Although cardiopulmonary bypass is rarely required (2% of the time acutely) in penetrating cardiac injuries, it is appropriate for larger wounds not amenable to simple suture repair or for wounds in which repair has failed.^55,56,57,58

Lung

In the rare patient who arrives with signs of life after sustaining an injury to the pulmonary hilum just at the border of the pericardium, intrapericardial control of the pulmonary artery may be necessary (see Chapter 25). The previously performed ipsilateral thoracotomy should be extended across the sternum and into the contralateral thorax to allow for wide exposure of the pericardial contents. The intrapericardial right pulmonary artery is exposed by retracting the superior vena cava to the right and the ascending thoracic aorta to the left. The right pulmonary artery passes transversely and posterior to these structures and can be clamped between them. The intrapericardial left pulmonary artery passes transversely, inferior and posterior to the transverse aortic arch and is exposed by retracting the ascending thoracic aorta to the right and superiorly.

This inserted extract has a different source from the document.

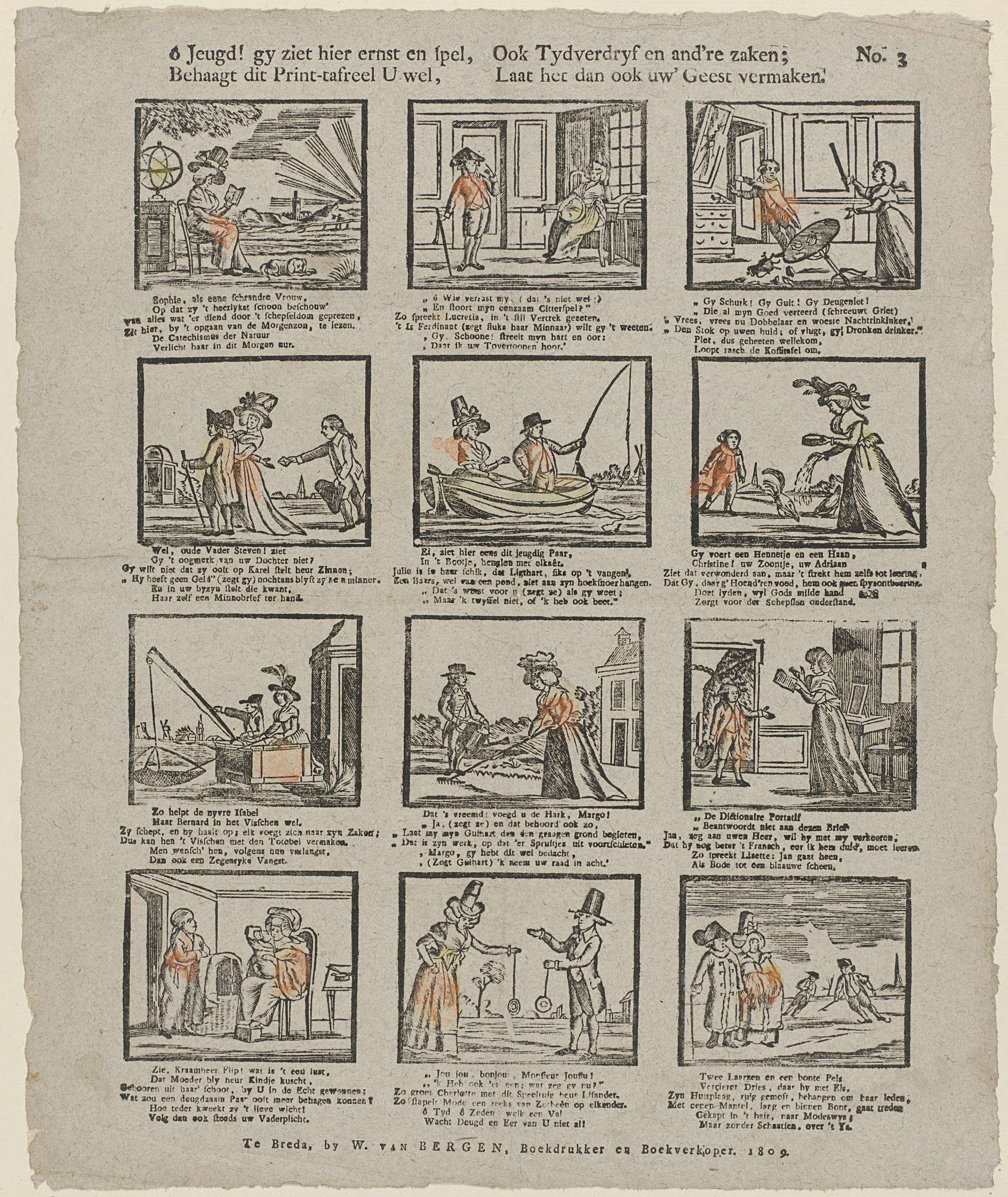 Blad met 12 voorstellingen van verschillende bezigheden, zoals hengelen, spelen met de jojo en kippen voeren. Onder elke afbeelding een zesregelig vers. Genummerd rechtsboven: No. 3.

Exsanguinating hemorrhage more laterally from the hilum or from the pulmonary parenchyma is controlled by cross-clamping or temporary hand control of the hilum, the hilar twist, or application of a hilar snare. Cross-clamping is the application of a DeBakey aortic clamp from superior to inferior if the inferior pulmonary ligament has not been divided.⁵⁹ If there is time to divide the inferior pulmonary ligament, the cross-clamp can be placed in an anterior-to-posterior direction. Hand control of the pulmonary hilum has been described, as well. Left hand control of the right pulmonary hilum by the surgeon will allow for the assistant to evacuate blood from the pleural cavity, divide the inferior pulmonary ligament, and replace the surgeon’s manual control with his or her own hand. The surgeon then applies an aortic cross-clamp across the hilum in the most appropriate direction.⁶⁰ The surgeon’s right hand is used for manual control of the left pulmonary hilum. The “hilar twist” as described by the group at Ben Taub General Hospital includes division of the inferior pulmonary ligament and then rotating or twisting the lung 180° to control exsanguinating parenchymal hemorrhage.^61,62 The hilar snare is an experimental technique in which an umbilical tape is passed around the pulmonary hilum and pulled tight through a 36 French plastic tube acting as a Rumel tourniquet.⁶³

A definitive technique to expose the source of bleeding from deep parenchymal stab wounds or missile tracks is pulmonotomy or pulmonary “tractotomy.”^64,65 The pulmonary parenchyma overlying the area of bleeding is divided between noncrushing vascular clamps or a linear stapler. This exposes injured parenchymal vessels, which can be selectively ligated. The pulmonotomy can then be closed used a continuous 0 or 2-0 absorbable suture or left open if the injured lung is too edematous.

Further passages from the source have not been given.